静止した時間の中で。

暇つぶしに本屋でも行こうと出掛けたら途中で友人と偶然出会った。
半年ほど前に会ってそれきりだったのでなかなか嬉しい偶然である。
聞けば今から地元の歴史博物館へ行くと言う。
別に他にやることも無いので一緒に行く事にした。


友人は2浪しているので現在はまだ大学生。
専攻は歴史とかそういう類のものでバリバリ理系の情報学科である自分とかなりタイプが違っている。
今から向かう歴史博物館もゼミで地元の歴史、特に交通網と都市の興隆の関係について発表する為とのことだった。
折角なので色々と地元の歴史について聞いてみると自分の知らない事実が思った以上にあって驚いた。
特に地元の数少ない有名人である某大名が実際は大してこの地に留まっていなかったというのは衝撃的であった。
では何故に有名なのかといえば一つには宗教団体の暗躍だそうでもう一つはロマンだそうな。
前者の印象が強すぎてロマンという言葉がそれこそ宗教団体のトラップなんじゃないかと思ってしまう。

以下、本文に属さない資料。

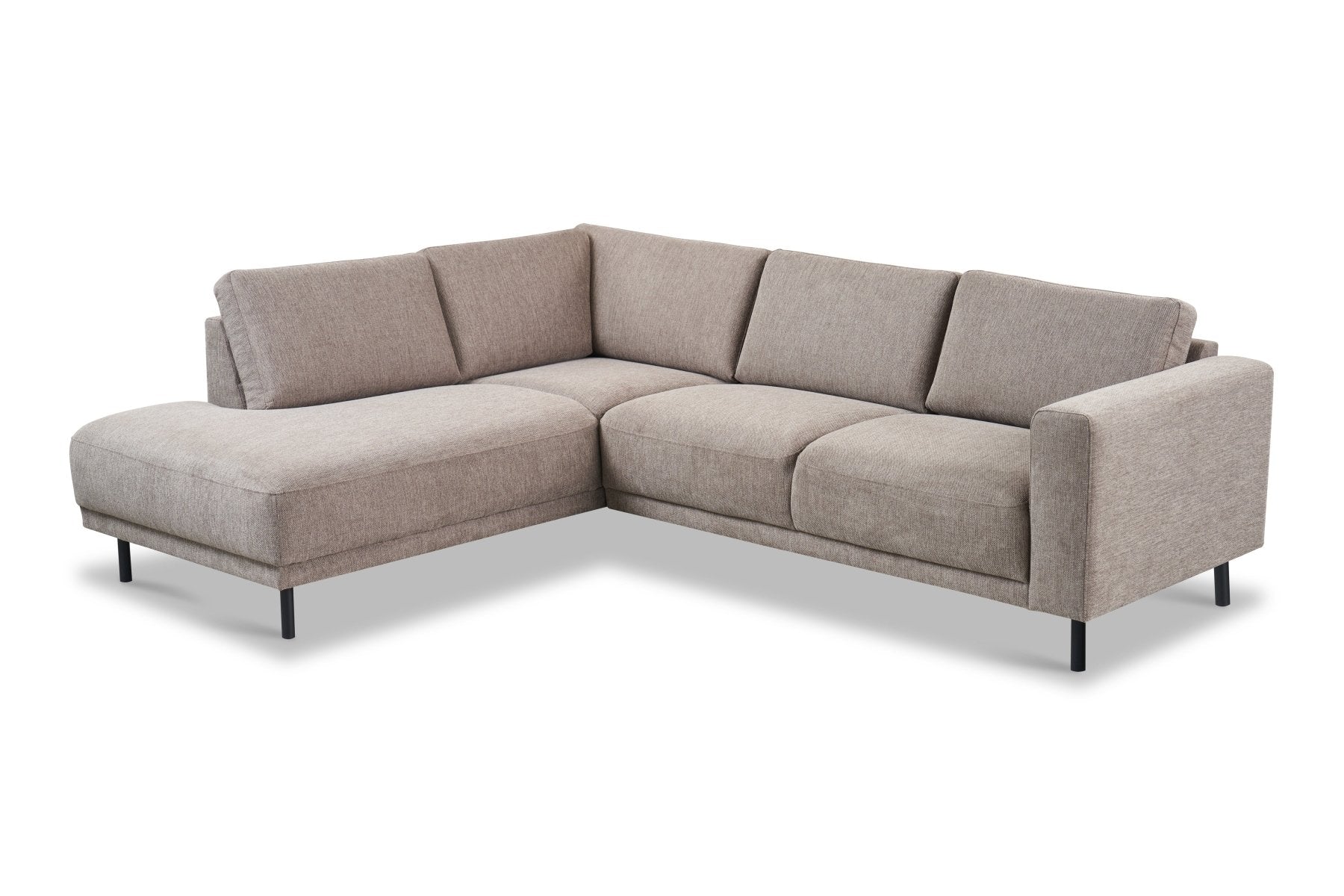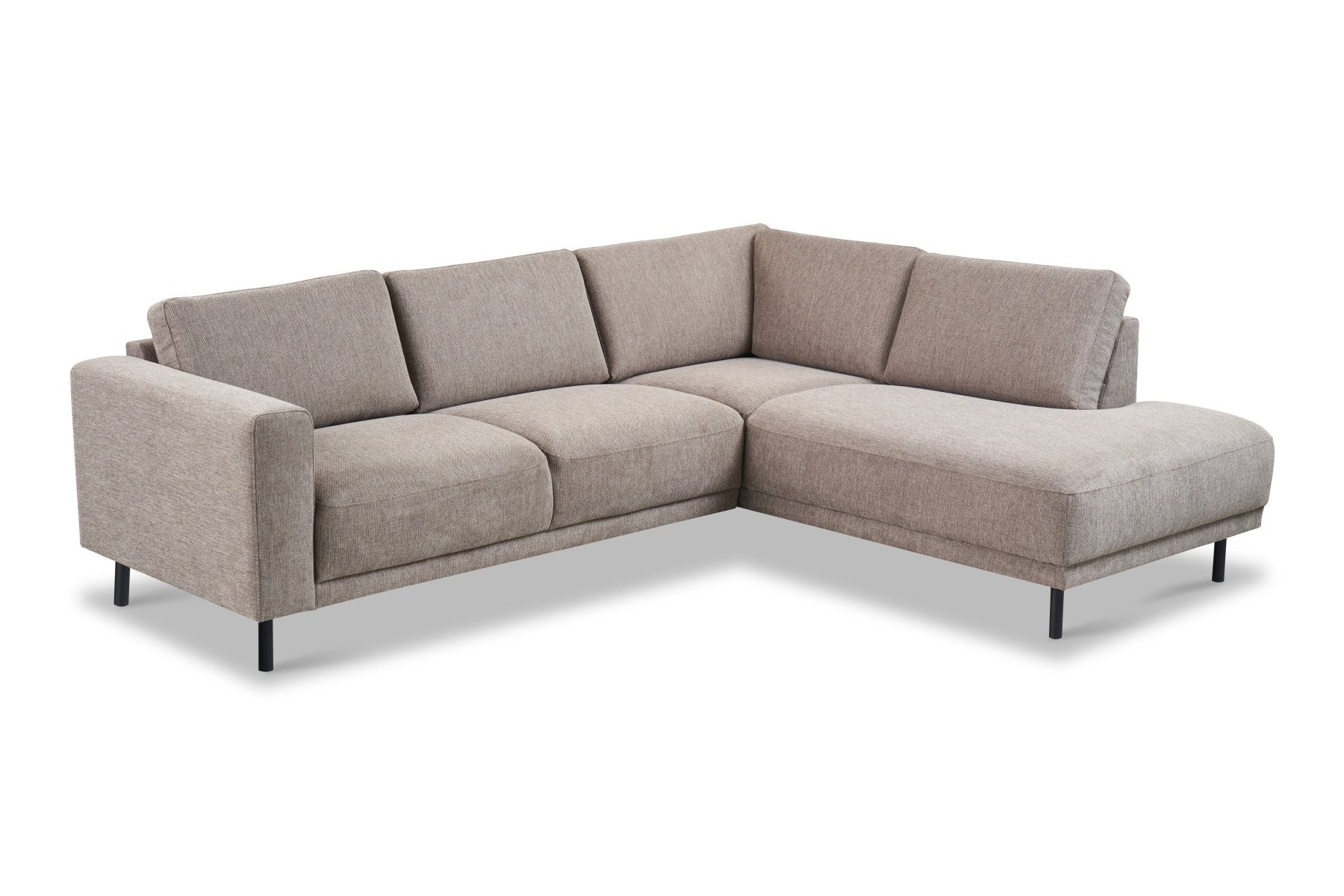 Canapé d'angle moderne 3 places à droite en taupe en tissu Aniko avec lounge 240x197x78 cm

歴史博物館では友人からまた色々と聞かされながら人物画や古地図などを観覧。
しかしここで一番驚いたのは展示物ではなく、ミミズののた打ち回ったような字で書かれた古文書を辞書も無しに読む友人自身であった。
今度是非とも家にきて自分で書いたのに読めなくなってしまった手記を解読してもらいたいところだ。
その後は甲冑の裏の作りや物品の展示の仕方等、そもそもの趣旨と違うことを考えながらぼんやりと眺めていた。


博物館から出た後は一緒に食事をとることになった。
自分はあまり外食をしないので店の選択は完全に友人任せである。
地元の歴史も知らなければ気楽に入れる店も無いとは本当に情けない限りだ。
ベクトルの違いといってしまえばそうなのだがそもそものマグニチュードで負けているのは確実だろう。


お腹を満たした後は特に何も無かったのでぶらぶらと歩いた。
一応二人とも帰るつもりではあったのだろうが特にそういう取り決めも無いまま歩いていた。
そして友人と昼に出会った地点まで来た時、突然そのままサヨウナラと相成った。
偶然に出会ったのだから別れも突然に迎えた方が綺麗だろうという理由からだ。
本屋に少し立ち寄ってから再び友人の姿を探したが既に何処にも見えなくなっていた。
折角予定調和的かつ偶然に会えるチャンスだったのに惜しいな。